As per our model-based analysis, an additional investment of about US$ 10 billion over a decade (2015–2025) will not only allow Canada to effectively close the supply and demand gap but also in a relatively greener way. With these additional investments, Canadian economy can also expect better energy intensity (0.21 versus 0.25 toe/million US$). This will result in wider recognition of Canada as a green economy (Conference Board of Canada 2010; (Qudrat-Ullah, 2013).

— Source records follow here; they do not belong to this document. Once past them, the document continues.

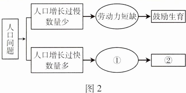 2. 人口数量过多或过少,人口增长过快或过慢,都可能会产生相应的人口问题。下列选项与图2内容相符合的是 ( )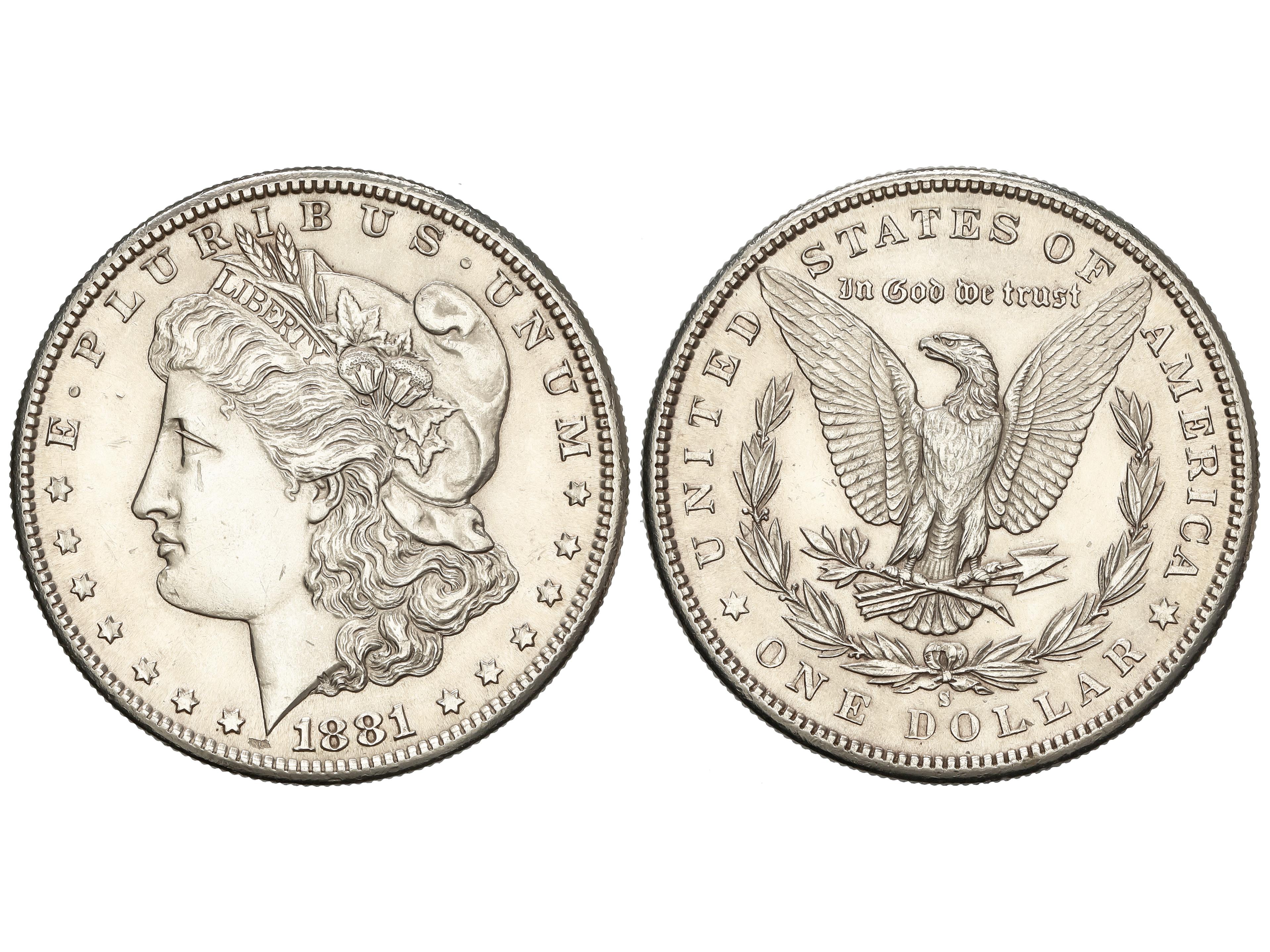 1955 image1 Dollar. 1881. SAN FRANCISCO. 26,64 grs. Tipo Morgan. (Rayita en ojo). KM-110. EBC. (Image1)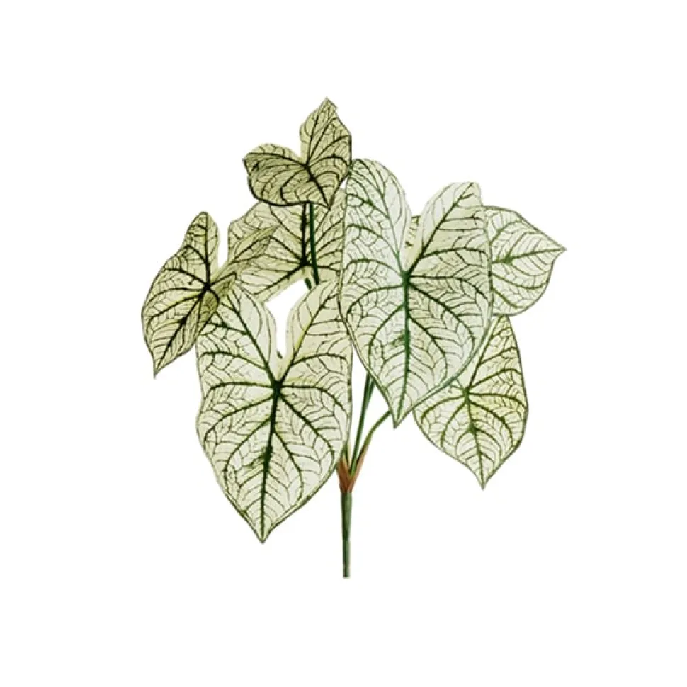 Faux feuillage de caladium de 23'' de hauteur. Ces feuilles bicolores ajouteront beaucoup de texture à votre décor! Faites-en l'élément principal de votre pot préféré ou agencez-les à d'autres feuillages!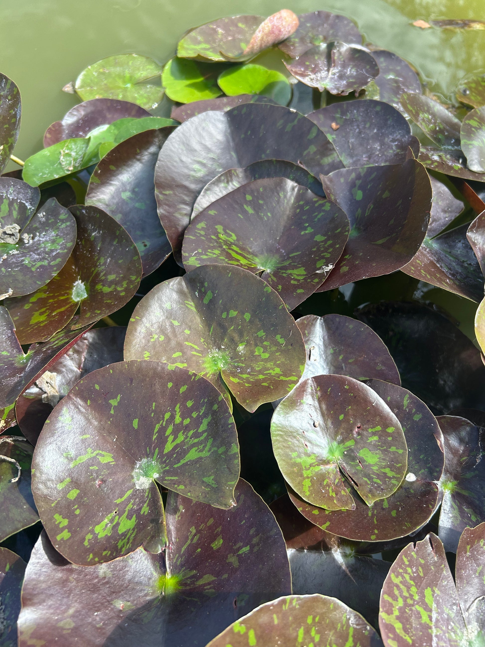 Water Lily with a medium-large peachy orange bloom with speckled yellow. Can produce variegated bloom, never seen in water lilies before. Green foliage with mottled purple specks. Water lilies are heavy feeders, enjoy fertilization throughout the growing season to ensure consistent blooms and full foliage. Go dormant in winter, return in the spring if over-wintered properly. Bare root.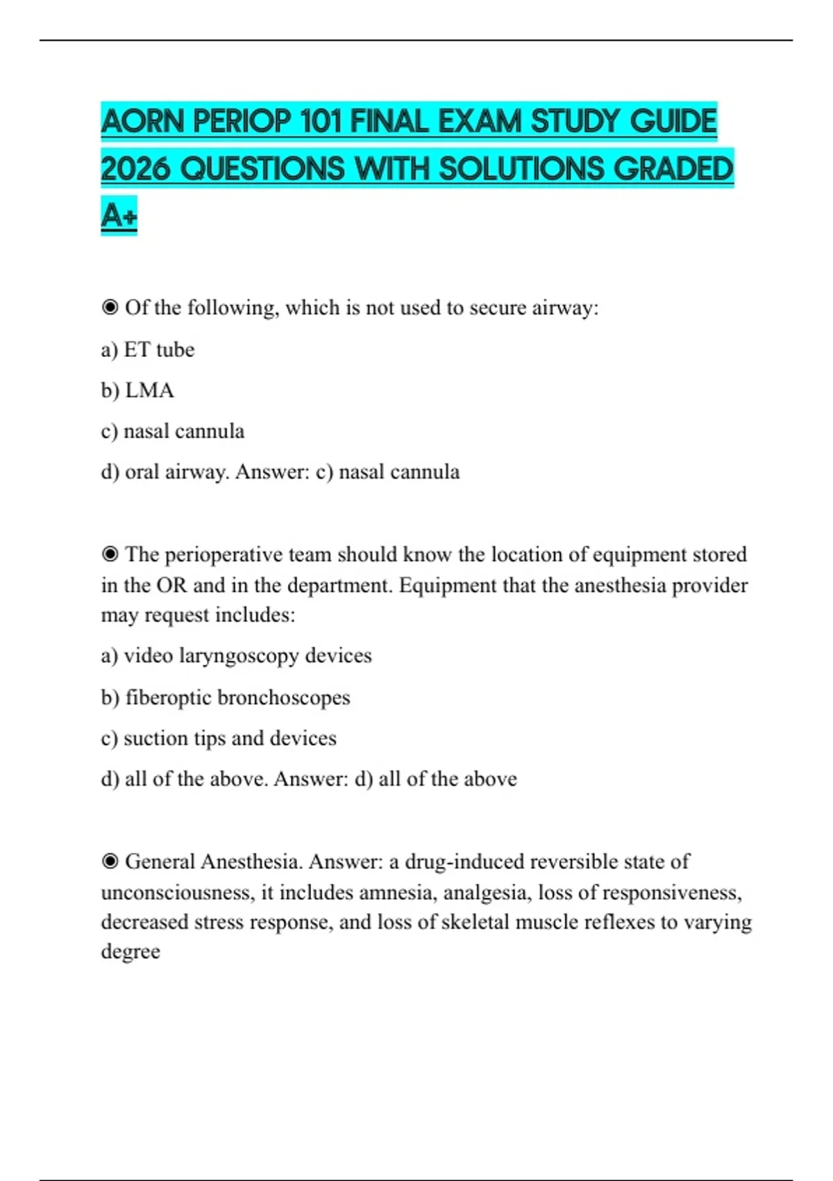 AORN PERIOP 101 FINAL EXAM STUDY GUIDE 2026 QUESTIONS WITH SOLUTIONS GRADED A+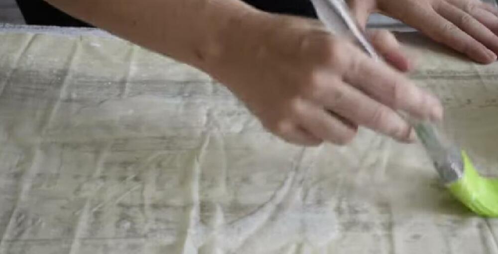 Na papir za pečenje stavite jednu koru, zatim je premažite otopljenim maslacem, pa na nju stavite drugu koru. Postupak ponovite sa narednih pet kora. Kore slažite tako da se ne preklapaju već da rubovi stoje pomalo neuredno.

By utilizing our developed simulation model, future research can investigate other related issues in the context of alternative policy design for Canadian electricity sector. For instance, in the identified capacity-mix, which capital asset should be preferred the most to support low-carbon economic regime. Our developed model is flexible enough to be adapted to model and analyze such issues. Therefore, besides providing useful policy insights on electricity generation capacity dynamics in Canada, this research contributes with an effective policy analysis and design tool in the form of a unique system dynamics-based simulation model.Researchers can calibrate the developed model to their case-specific data and can perform desired scenario-based analysis.